La monja castellana que acabaría convirtiéndose en mística, santa y doctora de la Iglesia, ya en el siglo XVI, tuvo problemas a la hora de hablar de la humanidad de Jesucristo. Los letrados de la época defendían que el orante, cuando llegaba a una cierta altura en la vida espiritual, debía optar por espiritualizarse del todo. Esto implicaba entrar en la órbita de lo divino y rechazar todo lo corpóreo, incluida la figura de Cristo. Santa Teresa de Jesús se vio inmersa en un gran problema porque, por un lado, ella quería ser fiel a la doctrina pero, por otro, su gran anhelo de verdad y su propia experiencia le impedían comulgar con ella. Está convencida, con ese convencimiento profundo que brota de dentro, de que para avanzar en el camino espiritual lo más importante es “que le miréis”. (CP 23,3)

Creer en Jesucristo siempre ha comportado complicaciones (a Santa Teresa y a muchos cristianos de a pie a lo largo de la historia.) Es incómodo creer en Jesucristo.
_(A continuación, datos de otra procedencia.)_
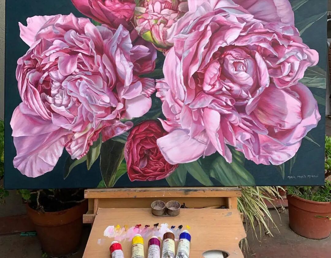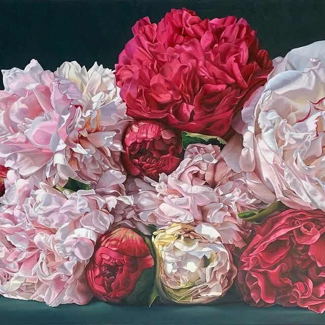但是,来自布宜诺斯艾利斯的超写实艺术家玛丽亚·玛尔塔·莫雷利,却画出了牡丹怒放的生命感,一大簇一大簇地绽放着,让人感受到了它与生俱来的高贵感。这位女画家是一个环境主义者,她一直致力于用油画来表现大自然的美丽,在她看来,花朵代表着青春、绚丽、激情、爱情和美丽,同时也代表着生命的无止境。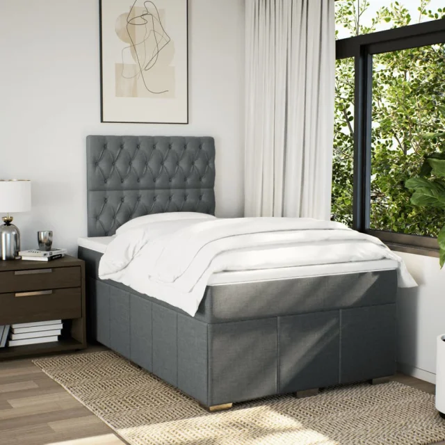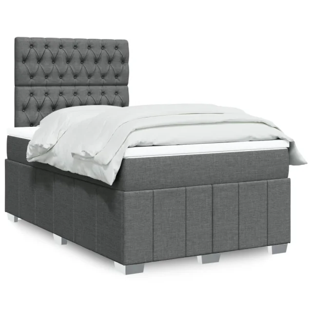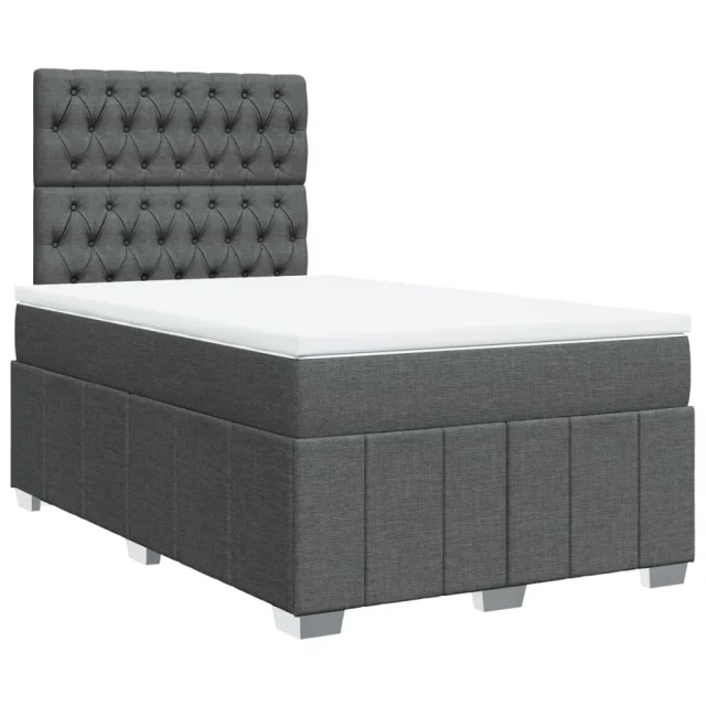vidaXL Box spring postelja z vzmetnico temno siva 120x200 cm blago

Teológicamente es complejo de explicar. Pero es que humanamente nos rompe todos los esquemas. ¿Cómo un Dios que se encarna, que nace en un pesebre y muere en una cruz? ¿Cómo lo divino tan abajo, tan pequeño, tan hecho a nuestra medida? Incluso los discípulos de Jesús, quienes compartían vida con él, no acababan de entender que aquél carpintero que vestía túnica y sandalias fuera el Hijo de Dios. “¿Tanto tiempo hace que estoy con vosotros, y no me has conocido, Felipe? El que me ha visto a mí, ha visto al Padre; ¿cómo, pues, dices tú: Muéstranos el Padre?” (Jn14, 9)

Poner los ojos en Cristo es poner la mirada en Dios. Así de sencillo y así de complejo. Así de fascinante y así de abrumador.